Quien me anunciaba esta tarde su pérdida fue el mismo que me advirtió, meses atrás, que la cornada era severa. Estaba tan afectado contándome su despedida como lo está, posiblemente, media Sevilla.
Recuerdo aquel jueves de este pasado diciembre, primer día de besamanos macareno, cuando me lo encontré en el patio de la Basílica. No sabía que sería la última vez. Nos saludamos y mientras yo esperaba a quien me anunciaba esta tarde su pérdida. Después, el destino quiso que los tres coincidiésemos hablando del Real Betis Balompié por los viejos adoquines en el camino que conduce desde el Arco a Casa Mariano.
Yo me consideraba afortunado allí, desde la tribuna del viejo mostrador de regusto rancio a Pumarejo, observando a mi amigo y al tabernero, tanto al de dentro, como al de fuera, como tomaban el pulso a esta ciudad de la mejor manera que se puede tomar en esta ciudad, con buen humor.

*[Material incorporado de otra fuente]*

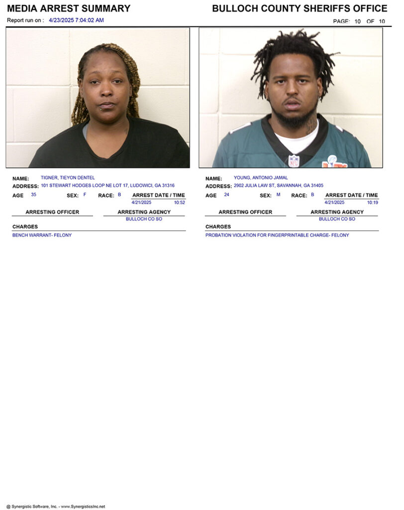 These records are matters of public information provided by the Bulloch County Sheriff’s Office. Booking reports are details of arrests only. All persons below are considered to be innocent unless proven otherwise in a court of law.
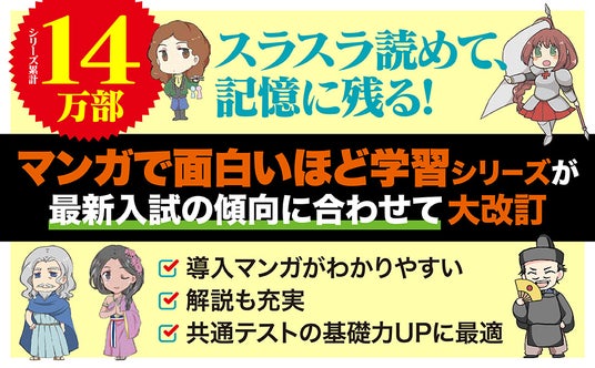 マンガで納得し、講義で理解が定着。得点力アップまで導くのが、“マンガで面白いほど学習シリーズ”です。
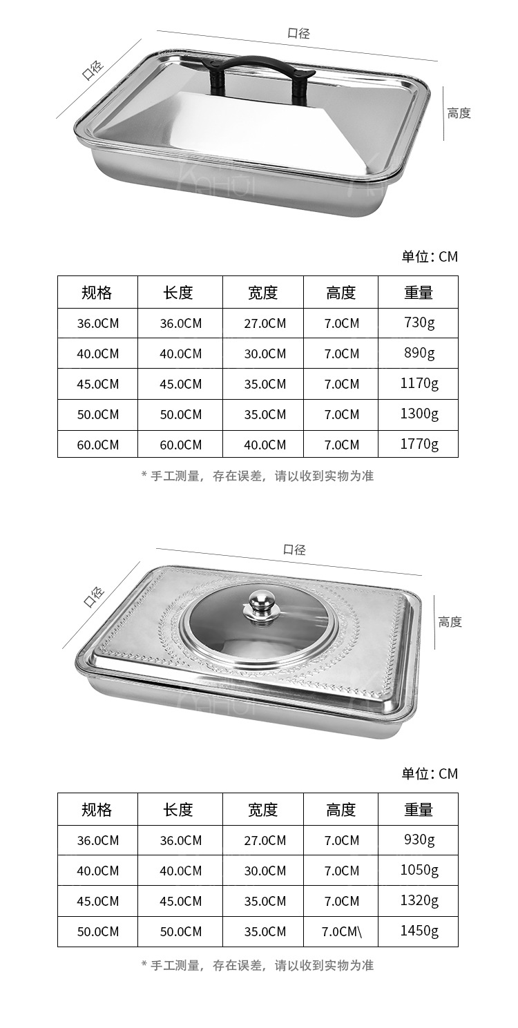 스테인레스 스틸 스퀘어 플레이트 직사각형 트레이 뚜껑 과일 플레이트 자루 플레이트 구이 생선 플레이트와 뚜껑 깊이있는 평평한 바닥 플레이트스토어 가기
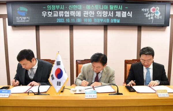 이번 체결식은 김동근 시장과 미하일 콜바르트 탈린시장, 강성종 신한대 총장이 참석했으며 각 기관 주요 관계자들 또한 참석해, 우호교류 의향서 체결을 축하했다.
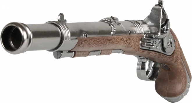 Keltsd életre a kalózkalandokat a fémből és műanyagból készült, autentikus kidolgozású pisztollyal. A díszes vésések és a fa hatású markolat történelmi kovás pisztolyt idéznek, amely kiválóan illik jelmezekhez és tematikus ünnepségekhez.
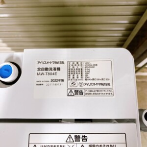 今回は埼玉県羽生市にお住まいの30代女性・主婦の方より、アイリスオーヤマ製 全自動洗濯機 IAW-T804E(2022年製)を出張買取にてご依頼いただきました。
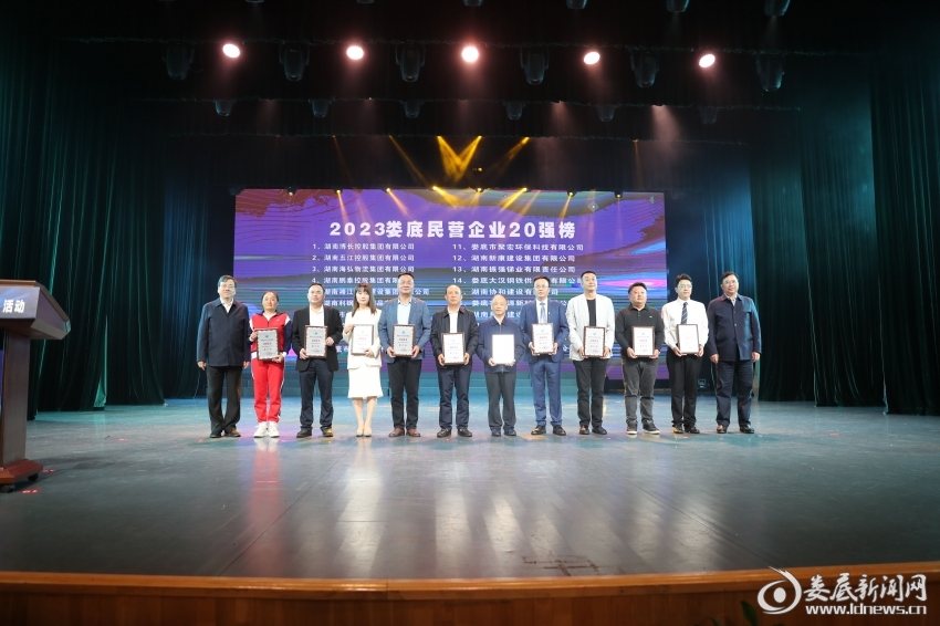 市領(lǐng)導戴德清、梁立堅、謝學龍、李文洪、楊維、李德仁、傅小松等出席。市委常委、常務副市長蔣天海發(fā)布“2023婁底民營企業(yè)20強榜”“2023婁底民營企業(yè)新星榜”。
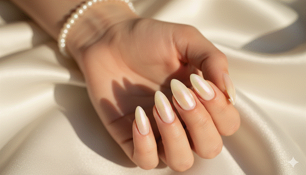 Styling Tip: The pearl white glazed unhas claras style achieves its most convincingly pearl-like quality through a three-stage layering approach: a warm ivory gel base in two thin fully cured coats; a pearl chrome powder applied in two to three soft passes with a silicone applicator — creating a soft shimmer rather than a mirror chrome; and a single coat of a multi-colour iridescent top coat that adds the final shifting lavender-pink-gold quality. Together, these three layers create a nail of genuine pearl quality — warm, luminous, and continuously shifting in its specific colour expression as the light and viewing angle change.
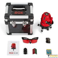 Корпус RGK UL-443 выполнен из качественных материалов и обеспечивает надёжную защиту прибора от строительной пыли и влажности. Питание прибора осуществляется от стандартных батареек типа АА. Прибор поставляется в ударопрочном кейсе.
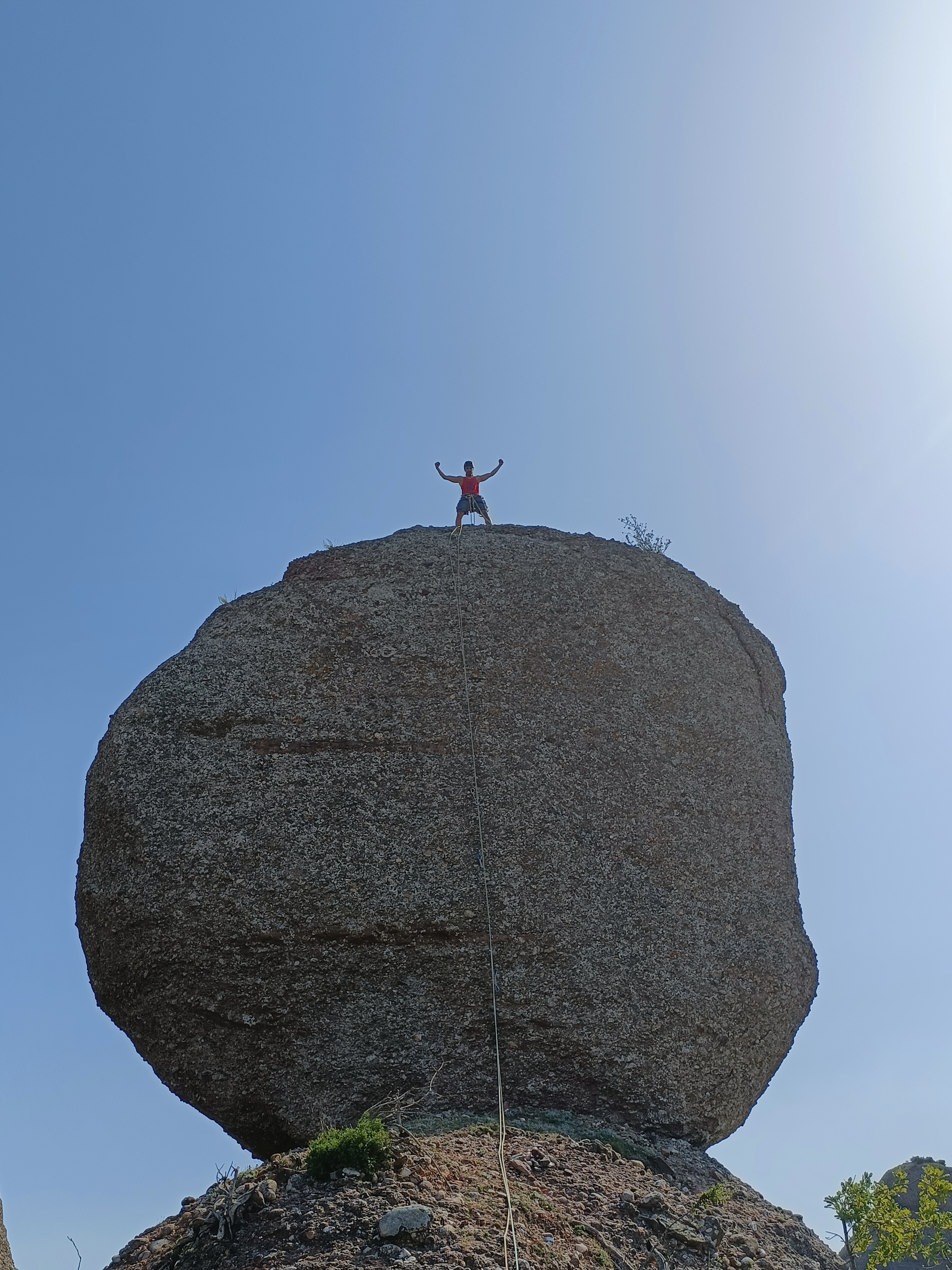 • Observaciones: La roca para ser frares es buenísima y la vía super chula para hacer en libre . Nos sale toda en libre menos una parada en el 7a+ al confundirme, algún día la repetiré ;P. Los buriles se intercalan con parabolts de inox. Merece la pena hacer la R4 y no saltársela y luego hacer la reunión siguiente debajo de la bola justo en su izq. El largo de la bola es explosivo, los demás son más de continuidad. Saludosss
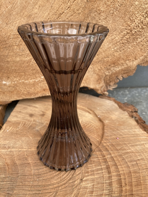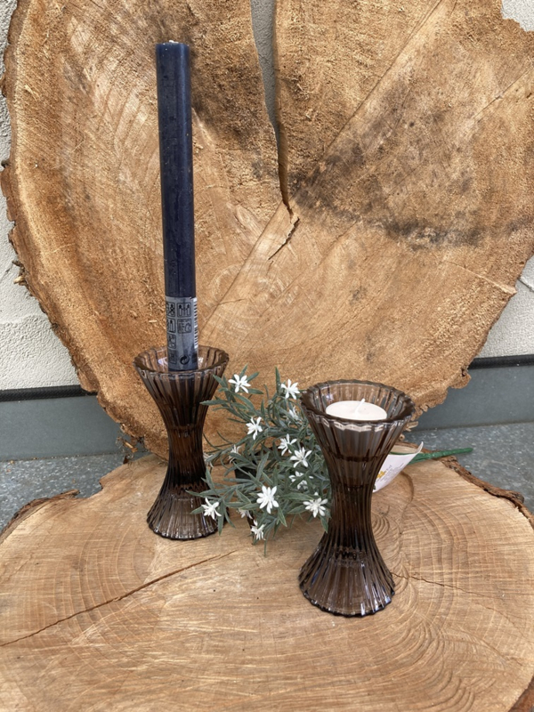 KANDELAAR RIBBEL SMOKEY GLAS DINER- WAXINELICHT 2 DLG

Noté, mientras contaba cualquier cosa, la importancia de esa cornada en unos ojos que quizás, ya no volverían a ver esa plaza, ni esos adoquines macarenos, ni esas gestas que vendrán desde el Villamarín. Esos ojos no eran aquellos que llevaban la olla de caracoles desde su taberna a la Velá de su cofradía, en la carpa que se instalaba en la parte trasera de su Santa Catalina.
Nadie le cantó una saeta al armazón del paso de cristo de la Exaltación al pasar por la Plaza Rialto, salvo él, en una de esas mañanas de mudá soleadas de ambiente cofrade, Tremendo y Rinconcillo, aunque él no cantaba saetas, ya lo decía Gandía. Desde ese día supe que era único, porque esas cosas no suelen ocurrir a menudo. En una taberna de Santa Catalina ocurrían esas genialidades que desde hoy, se han quedado sin quitapesares para siempre.